Abstract
Background
Esophageal cancer ranks eighth among frequent cancers worldwide. Our aim was to investigate whether and at which neoplastic stage promoter hypermethylation of CAV1 is involved in human esophageal carcinogenesis.
Methods
Using real-time quantitative methylation-specific PCR (qMSP), we examined CAV1 promoter hypermethylation in 260 human esophageal tissue specimens.

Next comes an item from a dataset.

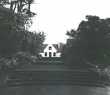 Noeline Baker (1878–1958), who was born in Christchurch, lived in England from 1896 to 1930. She returned to New Zealand to write her father's memoirs and spent time on Stewart Island.[1] According to her biographical entry in the Dictionary of New Zealand Biography, she purchased the 34.5 acres (14.0 ha) of land clad with bush and overlooking Halfmoon Bay at that time,[1] but during a speaking tour in Auckland in April 1940, she appeared to imply that her father purchased the land for her at her birth.[2][3] She had a homestead built in 1934–35 in a Dutch colonial style and called it Moturau Moana, which is Māori and means "islands of bush above the sea".[1][4] Baker drew inspiration from an acquaintance, British garden designer Gertrude Jekyll, and created a garden based on New Zealand flora. She used a list compiled by botanist Leonard Cockayne based on his 1907 visit to Stewart Island to grow all the island's indigenous plants in her garden.[1][5]
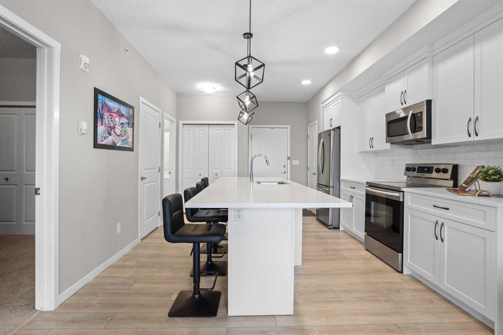 With nine-foot ceilings and west-facing windows, the space feels open, bright, and welcoming throughout the afternoon and evening. The open-concept kitchen anchors the layout with white shaker cabinetry, soft-close doors, extended-height uppers, quartz countertops, a mosaic tile backsplash, pendant lighting, and modern stainless steel appliances, including a full-size fridge and microwave hood fan. A unique two-sided island provides seating on one side and additional space on the other, perfect for a breakfast nook or casual dining.

Real-time RT-PCR and qMSP were also performed on OE33 esophageal cancer cells before and after treatment with the demethylating agent, 5-aza-2’-deoxycytidine (5-Aza-dC).
Results
CAV1 hypermethylation showed highly discriminative ROC curve profiles, clearly distinguishing esophageal adenocarcinomas (EAC) and esophageal squamous cell carcinomas (ESCC) from normal esophagus (NE) (EAC vs. NE, AUROC = 0.839 and p < 0.0001; ESCC vs. NE, AUROC = 0.920 and p < 0.0001). Both CAV1 methylation frequency and normalized methylation value (NMV) were significantly higher in Barrett’s metaplasia (BE), low-grade and high-grade dysplasia occurring in BE (D), EAC, and ESCC than in NE (all p < 0.01, respectively). Meanwhile, among 41 cases with matched NE and EAC or ESCC, CAV1 NMVs in EAC and ESCC (mean = 0.273) were significantly higher than in corresponding NE (mean = 0.146; p < 0.01, Student’s paired t-test). Treatment of OE33 EAC cells with 5-Aza-dC reduced CAV1 methylation and increased CAV1 mRNA expression.
Conclusions
CAV1 promoter hypermethylation is a frequent event in human esophageal carcinomas and is associated with early neoplastic progression in Barrett’s esophagus.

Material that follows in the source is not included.